Find the line below with "Clotth Damska sukienka" and the line with "x 奥行き x 高さ)". Output exactly those lines and everything between them, leaving out the pictures.

■ **SUPPLIED DATA**:
——

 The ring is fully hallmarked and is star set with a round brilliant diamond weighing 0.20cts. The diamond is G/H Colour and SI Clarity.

——

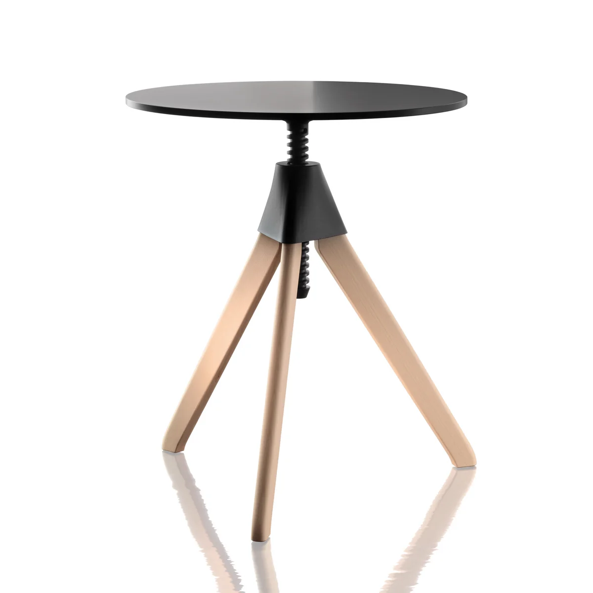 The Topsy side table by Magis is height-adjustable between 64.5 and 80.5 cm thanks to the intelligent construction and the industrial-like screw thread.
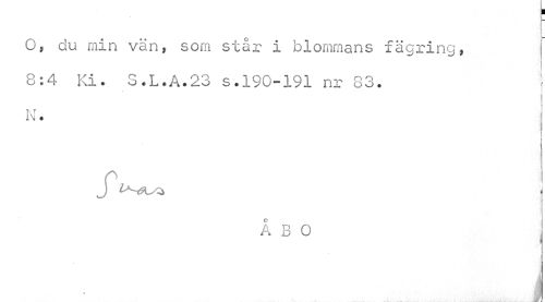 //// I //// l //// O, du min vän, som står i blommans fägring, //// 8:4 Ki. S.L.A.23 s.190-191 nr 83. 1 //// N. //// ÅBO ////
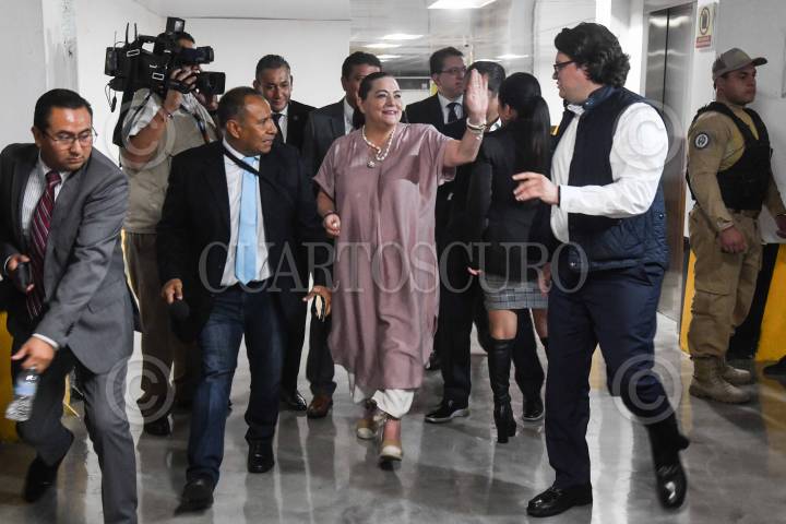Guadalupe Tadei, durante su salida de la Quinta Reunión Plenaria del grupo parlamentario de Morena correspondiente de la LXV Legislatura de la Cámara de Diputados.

——

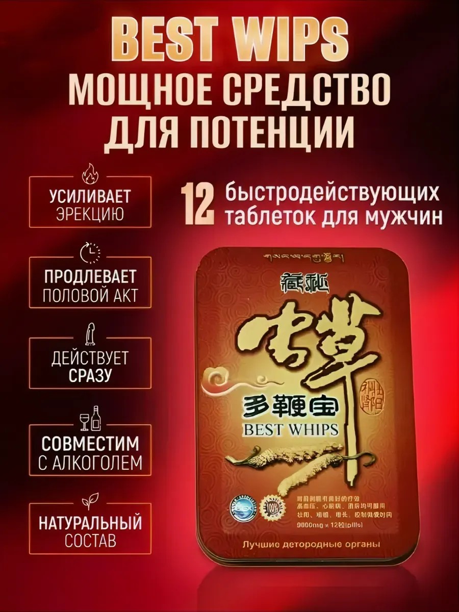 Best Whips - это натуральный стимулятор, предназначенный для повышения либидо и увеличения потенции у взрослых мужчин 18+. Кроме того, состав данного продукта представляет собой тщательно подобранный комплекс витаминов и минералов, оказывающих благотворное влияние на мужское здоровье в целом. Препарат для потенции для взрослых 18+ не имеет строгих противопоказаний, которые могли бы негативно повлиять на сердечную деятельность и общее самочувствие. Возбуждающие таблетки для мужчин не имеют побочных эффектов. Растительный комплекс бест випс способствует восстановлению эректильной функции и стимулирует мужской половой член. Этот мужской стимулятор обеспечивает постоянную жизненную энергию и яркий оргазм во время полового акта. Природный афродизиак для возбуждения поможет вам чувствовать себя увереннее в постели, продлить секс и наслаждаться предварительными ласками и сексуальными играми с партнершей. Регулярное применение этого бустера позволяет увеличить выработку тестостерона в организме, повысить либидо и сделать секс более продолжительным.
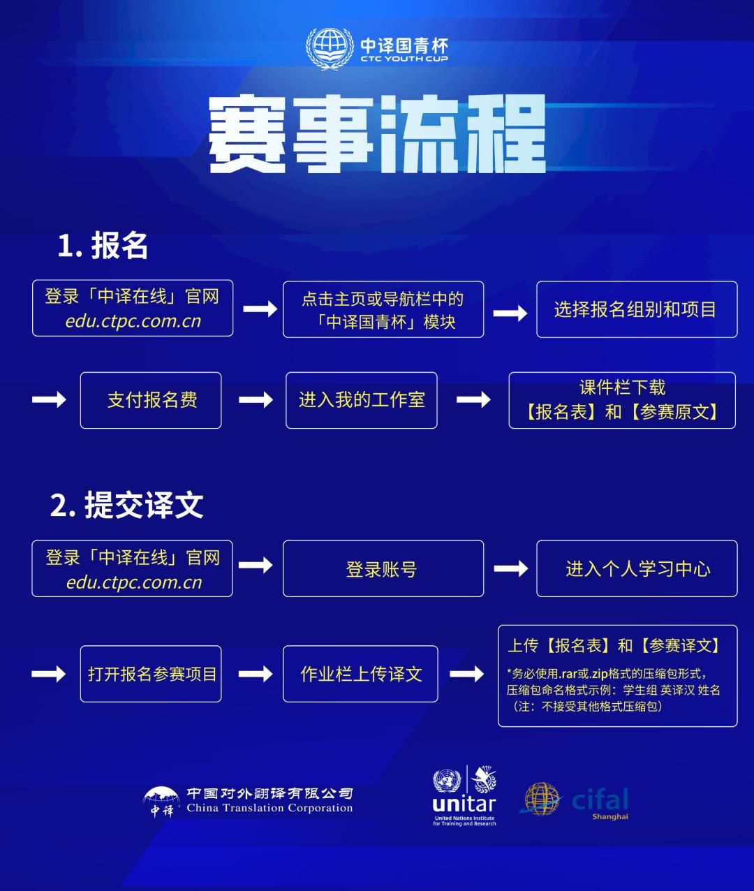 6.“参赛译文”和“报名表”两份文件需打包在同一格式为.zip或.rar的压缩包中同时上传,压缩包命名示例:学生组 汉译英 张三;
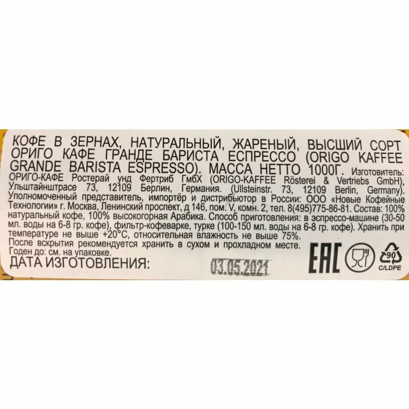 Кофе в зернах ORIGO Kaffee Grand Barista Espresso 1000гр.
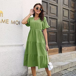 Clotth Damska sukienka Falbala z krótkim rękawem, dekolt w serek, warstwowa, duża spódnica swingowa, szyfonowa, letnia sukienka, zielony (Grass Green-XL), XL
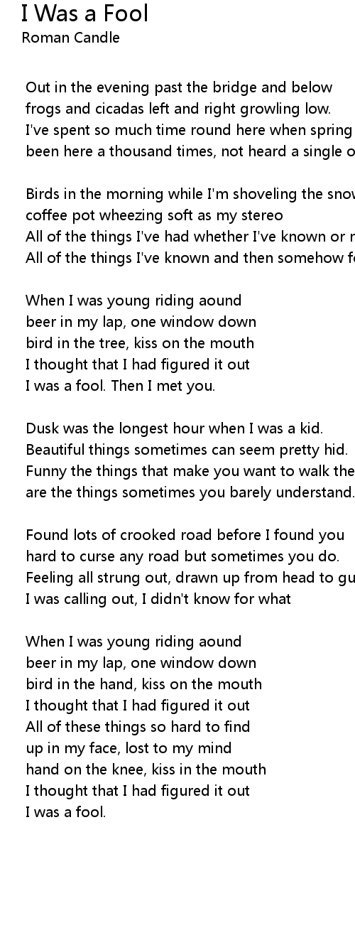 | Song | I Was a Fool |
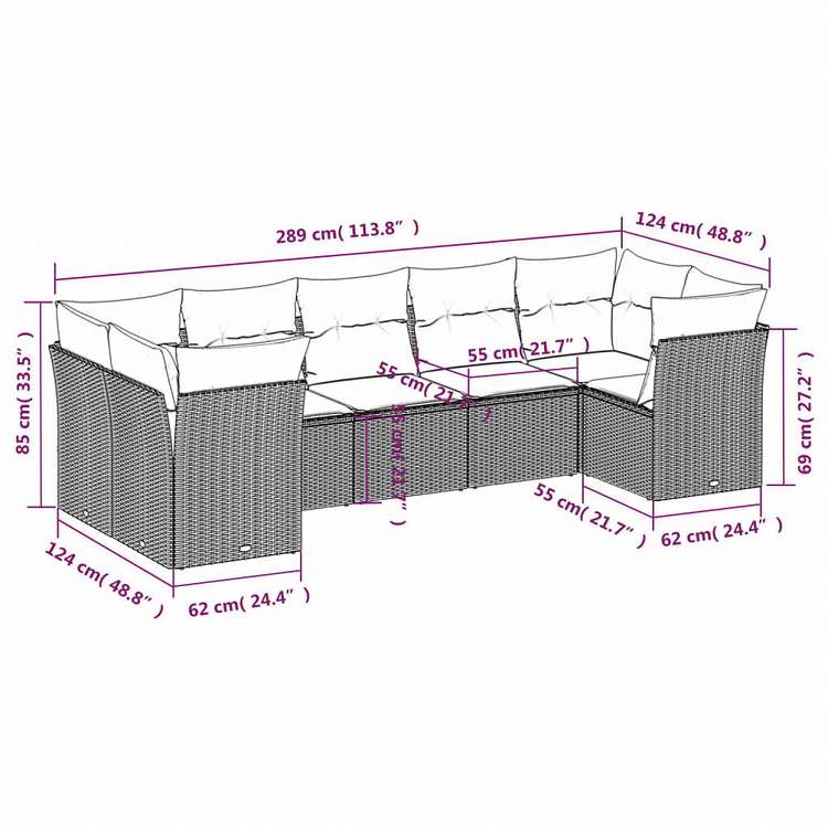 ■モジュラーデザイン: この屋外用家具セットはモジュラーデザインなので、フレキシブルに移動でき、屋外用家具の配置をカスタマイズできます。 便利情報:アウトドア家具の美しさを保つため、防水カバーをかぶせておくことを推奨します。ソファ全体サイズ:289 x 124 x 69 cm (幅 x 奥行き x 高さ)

——

■ **SOLUTION TO THE PROBLEM**:
 Clotth Damska sukienka Falbala z krótkim rękawem, dekolt w serek, warstwowa, duża spódnica swingowa, szyfonowa, letnia sukienka, zielony (Grass Green-XL), XL
 | Song | I Was a Fool |
 ■モジュラーデザイン: この屋外用家具セットはモジュラーデザインなので、フレキシブルに移動でき、屋外用家具の配置をカスタマイズできます。 便利情報:アウトドア家具の美しさを保つため、防水カバーをかぶせておくことを推奨します。ソファ全体サイズ:289 x 124 x 69 cm (幅 x 奥行き x 高さ)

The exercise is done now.